Capital of Pain

 

lemmy-caution1

I hadn’t checked out Alphaville for a while but when I did the other night I realized it was part of a cultural memory of mine that was instilled in me and helped shape my world view even if I hadn’t remembered every detail of the script. Here Lemmy Caution (a/k/a Ivan Johnson from Nueva York) is being asked “security questions” by Alpha 60, the farcically portrayed computer intelligence that rules Alphaville. Of course, the “security question” thing resonates with what happens every time you forget your “password” on sites from banks to Barnes and Noble. I always give absurd and illogical answers to these questions in the hopes that I can avoid profiling every single time I forget my password on every one of these corporate-owned sites. At least, like “journalist” Lemmy, while I’m still on the story.

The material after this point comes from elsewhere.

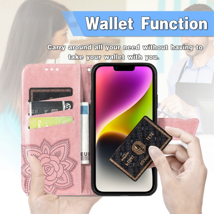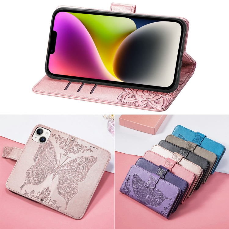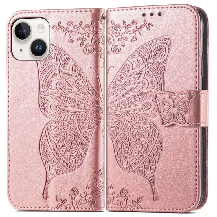Funda de Cuero con Relieve de Mariposa para iPhone 14 (Oro Rosa)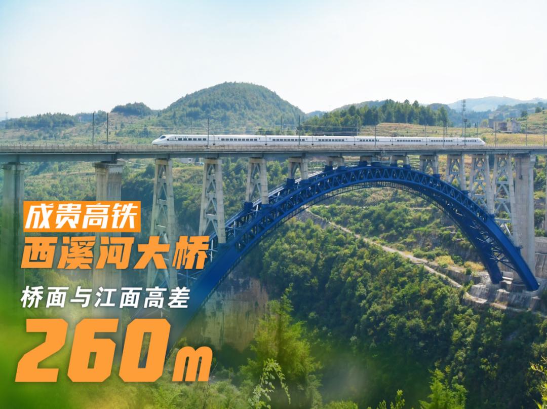成贵高铁西溪河大桥,位于贵州省毕节市大方县与黔西县交界处,是我国高铁首座钢管混凝土转体拱桥。大桥全长494米,最高桥墩60米,桥面至江面260米。

The question he is answering here is “What is your religion?” The answer he gives is as close as I can think to my own, something that, as I viewed it, kind of froze me in my tracks. “I believe in the inspirations of conscience,” he responds in this version. Another version I saw on Netflix read “I believe in the spontaneity of conscience.” At first I believed I preferred the phrase “spontaneity of consciousness,” but after further reflection, it occurred to me that the French word “conscience” meant “consciousness,” and that consciousness implied a kind of moral obligation. If we are “conscious,” then we are responsible for each other. Thought back to that book Balibar wrote about the connection, or lack of, between Descartes and Locke, and how a French translation had mis-interpreted that Locke meant “conscience” when he really just meant “consciousness” sans this sense of morality. All of this gives the scene additional weight.

Pero anyway, for me that spontaneity of conscience is clearly God, like Spinoza said. I feel like I’m in church when ideas are in my body, pulling me along against this bad case of postmodern time-drift. I see it sparkle in me, and in the eyes of those beside me, around me, speaking in my own head as if they shared my body.

The previous question, “Do you know what illuminates the night?” elicits another perfect answer, “poetry.” Many subsequent scenes are dotted by the poetry of surrealist poet Paul Eduard, a riveting Godard strategy that also shows up in Pierrot Le Fou. Somehow I must have brought this memory with me to the stage every time I tried to make words rhyme or at least crash up against the listener, expecting spectacle or silence. This entire scene, played for laughs but dead serious makes the whole HAL 9000 thing in 2001 A Space Odyssey seem like an overwrought ripoff. But most importantly, it defines the dread every man/woman’s soul should feel when probed by the disembodied algorithms that have now come to rule almost all market and non-market interactions.

Godard may have been aware of the critical turn from “conscience” to “consciousness,” and despite, or perhaps because of the fact that his point of view is a bit mired in a patriarchal romanticism, the scene reveals why it’s such a chore for the Western subject to avoid devolving into a guilty preoccupation with his inability to grasp the other. Probably the most important thing about the Occupy movement (another irony here–if you watch the entire film, immediately preceding this interrogation scene is a shot of Alphaville agents escorting Lemmy down a corridor where the signs on the doors, which say “occupied” or “free” speak aloud, and his progress is marked by several doors saying “occupied, occupied, occupied”) is that at least for this moment, there is a voice that believes in the spontaneity of conscience as religion, a voice that knows that poetry is what illuminates the night, and is clearly visible, like that 99 per cent logo projected onto Downtown buildings.

Before Occupy, it felt like the grim (and of course sometimes darkly funny) world of Alphaville was in full effect, and there was no counterbalancing voice. This is why the Republican primary process is so thrown off now, because it was conceived for that world that existed before Occupy, when their sarcastic austerity sloganeering could fly as something close to mainstream. Score one for the people. But there’s still so much to be done. There will be a renewed attempt to silence any sort of narrative of resistance, most likely through the destruction of net neutrality or blocking communication and disrupting the uncontrollable activity of citizen journalists. And of course always lurking is the pet project of the cookie-probers, the market-is-life crowd–the destruction of love.